Menos de 24 horas após ter sido preso em flagrante por injúria racial, o meia-atacante boliviano Miguelito, do América Ferroviário-PR, foi liberado da prisão na tarde desta segunda-feira (5) e responderá ao processo em liberdade. A prisão ocorreu após o jogador Allano, do Operário-PR, denunciá-lo por proferir a frase “preto do c…” durante partida realizada no Estádio Germano Krüger, válida pela sexta rodada da Série B do Campeonato Brasileiro.
A ofensa aconteceu aos 30 minutos do primeiro tempo, no momento em que os atletas se posicionavam para a cobrança de uma falta lateral. Imagens mostram Miguelito passando por Allano, que imediatamente reage e parte para a confrontação, acompanhado do capitão Jacy, também do Operário. A partida foi interrompida por 15 minutos, seguindo o protocolo antirracista estabelecido pela Fifa e pela CBF.
Na súmula, o árbitro Alisson Sidnei Furtado afirmou que “nenhum integrante da equipe de arbitragem no campo de jogo viu e/ou ouviu tal incidente”. Apesar disso, a Polícia Civil do Paraná deu voz de prisão ao jogador após o término da partida, com base na denúncia da vítima e no depoimento de Jacy, que testemunhou a injúria.
“Diante do relato da vítima, da análise do contexto da imagem oficial, que dá para ver realmente que o jogador Miguelito passa pelo jogador Allano, vira e profere algum tipo de ofensa, confirmada pela testemunha, foi dada a prisão em flagrante”, explicou o delegado Gabriel Munhoz, responsável pelo caso. A polícia agora busca imagens de outros ângulos para complementar o inquérito, que deve ser concluído nos próximos dias.

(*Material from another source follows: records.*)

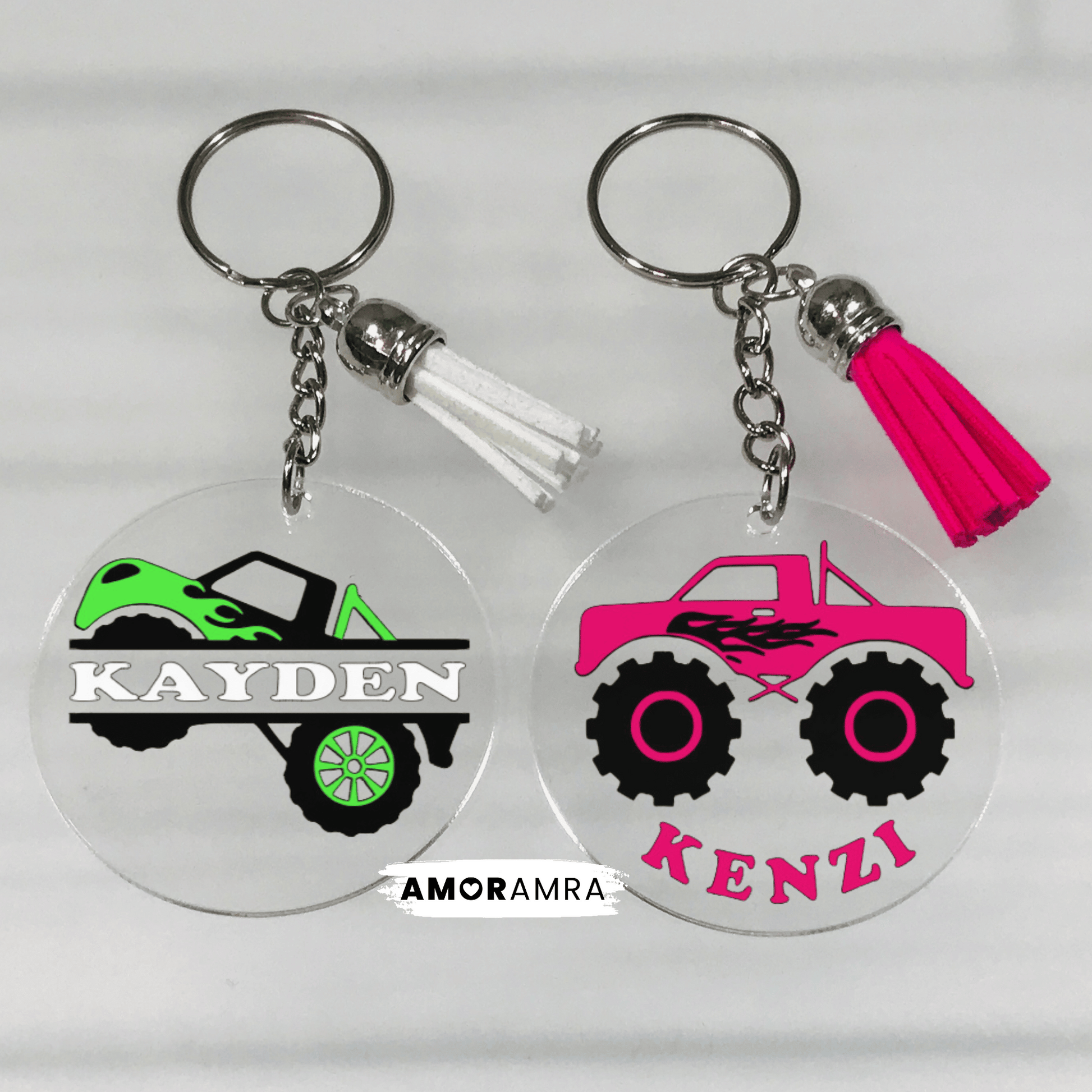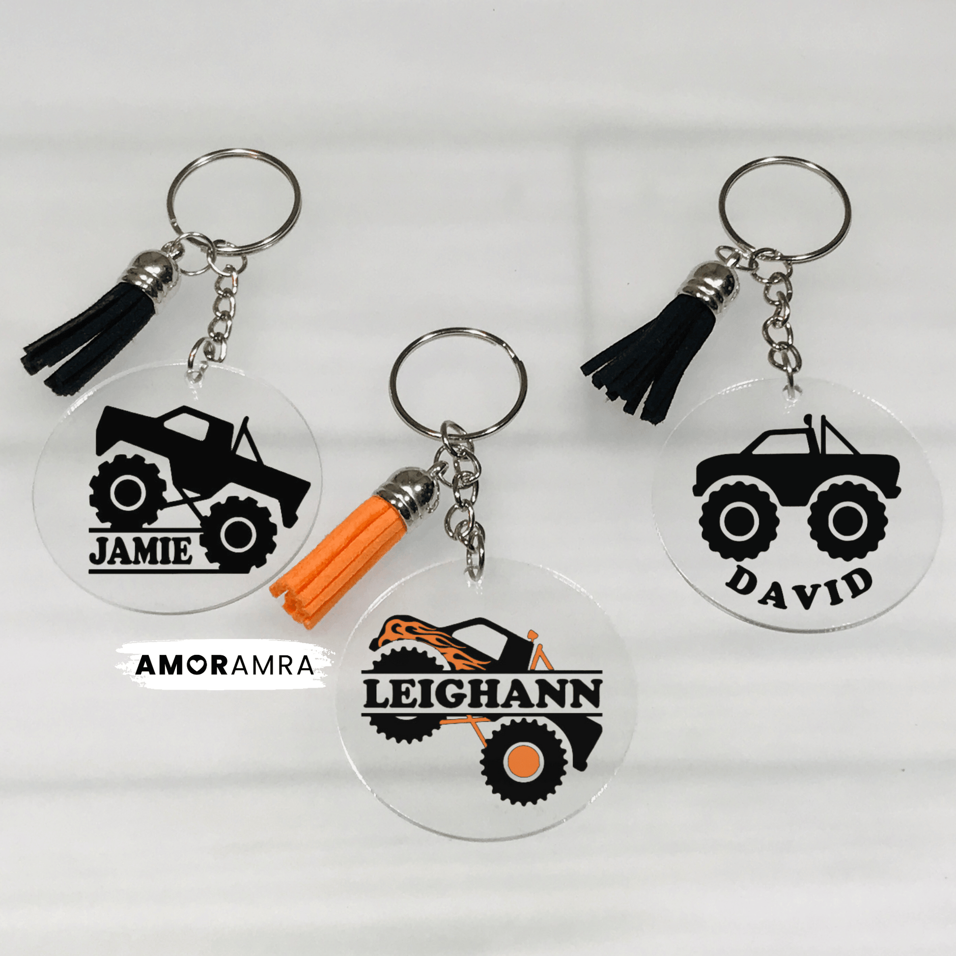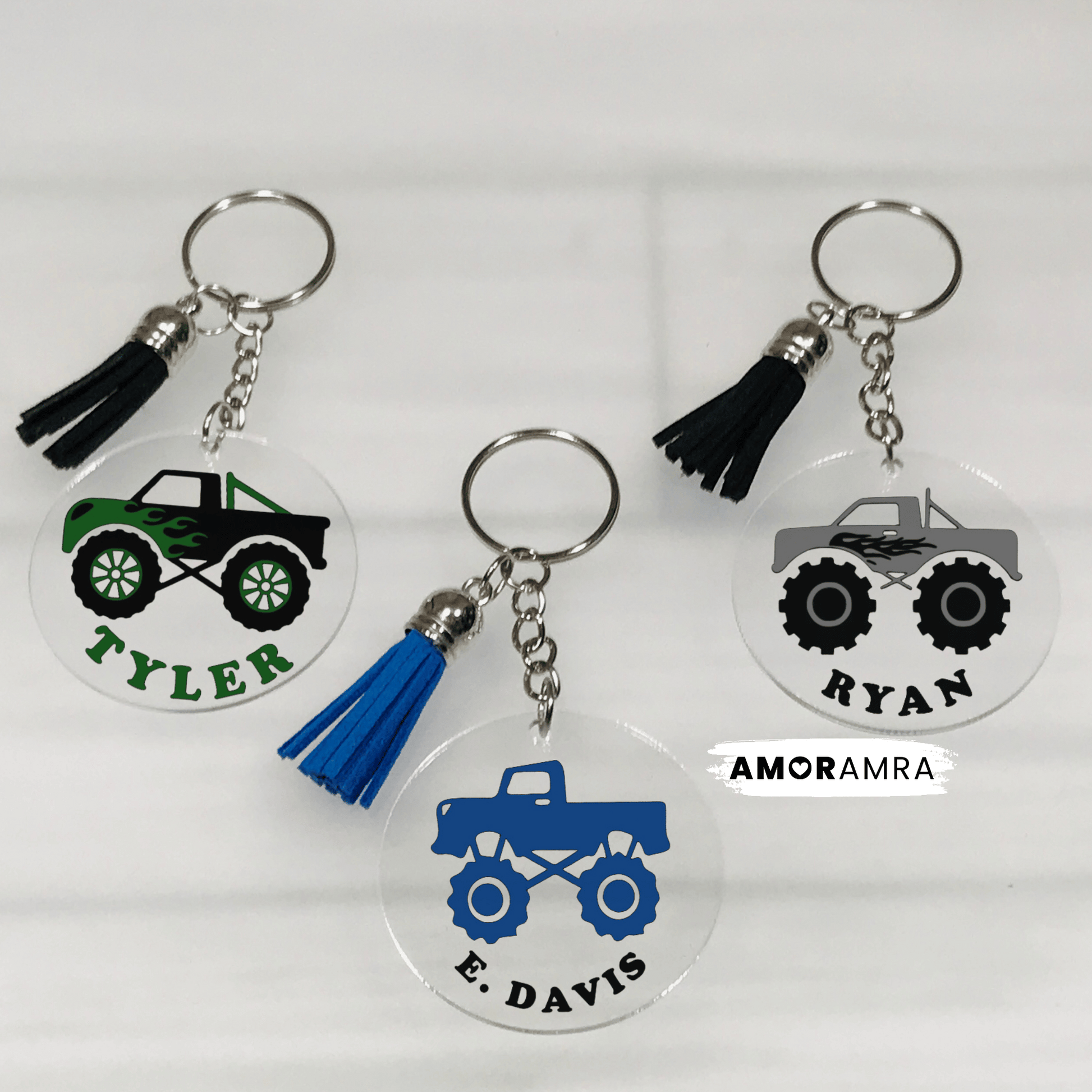 A handmade personalized monster truck keychain just for you. These are perfect for accessorizing & gift-giving: birthday gift, Christmas gift, just because gift, personal gift, or party favors.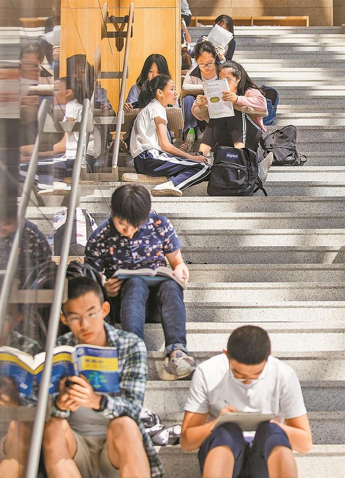 國(guó)慶長(zhǎng)假期間,去圖書館“充電”成為不少深圳人的度假方式。由于深圳圖書館座位已滿,不少市民直接坐在階梯上閱讀學(xué)習(xí)。 深圳特區(qū)報(bào)記者 劉羽潔 攝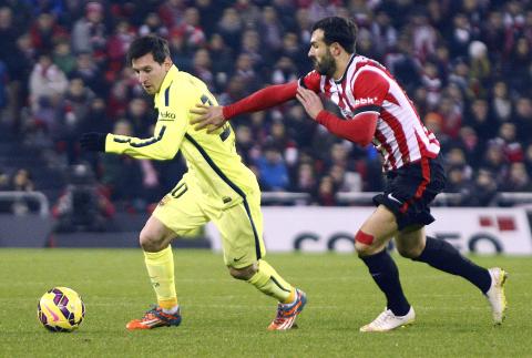 Messi took his tally for the season to 33 with the opener on 16 minutes, but he had a touch of fortune as his free-kick struck Aymeric Laporte in the Bilbao wall and wrong-footed goalkeeper Gorka Iraizoz.

Apesar da prisão em flagrante, Miguelito deixou a cadeia após o Tribunal de Justiça do Paraná conceder liberdade provisória durante a audiência de custódia. O América Ferroviário-PR ainda não se posicionou oficialmente, enquanto o Atlético-MG — clube com vínculo de direitos federativos do atleta — se pronunciou pela primeira vez apenas nesta tarde, após sua soltura.
A atitude do jogador boliviano gerou forte repercussão. O Operário-PR usou as redes sociais para “repudiar com veemência qualquer ato de racismo”. Já Allano se manifestou por meio do Instagram. “Não vou me calar. Não por mim apenas, mas por todos que já passaram por isso e por aqueles que ainda lutam para que esse tipo de violência acabe de vez. O futebol, como a sociedade, precisa dizer basta ao racismo. Precisamos de justiça, responsabilidade e, sobretudo, empatia.”
Para o pesquisador Leandro Lacerda, pós-doutor em Ciências da Atividade Física com foco no racismo estrutural no esporte, o caso escancara uma realidade que se repete sem punições exemplares. “Casos assim continuam se repetindo porque as punições, quando acontecem, são muito brandas. Infelizmente, ainda não houve uma punição exemplar, seguida por outras medidas exemplares. Dessa forma, o infrator comete o crime praticamente na certeza de que não vai acontecer nada.”
A CBF, até o momento, não se pronunciou oficialmente sobre o episódio.
A pena máxima prevista para injúria racial, segundo o Código Penal Brasileiro, é de cinco anos de reclusão.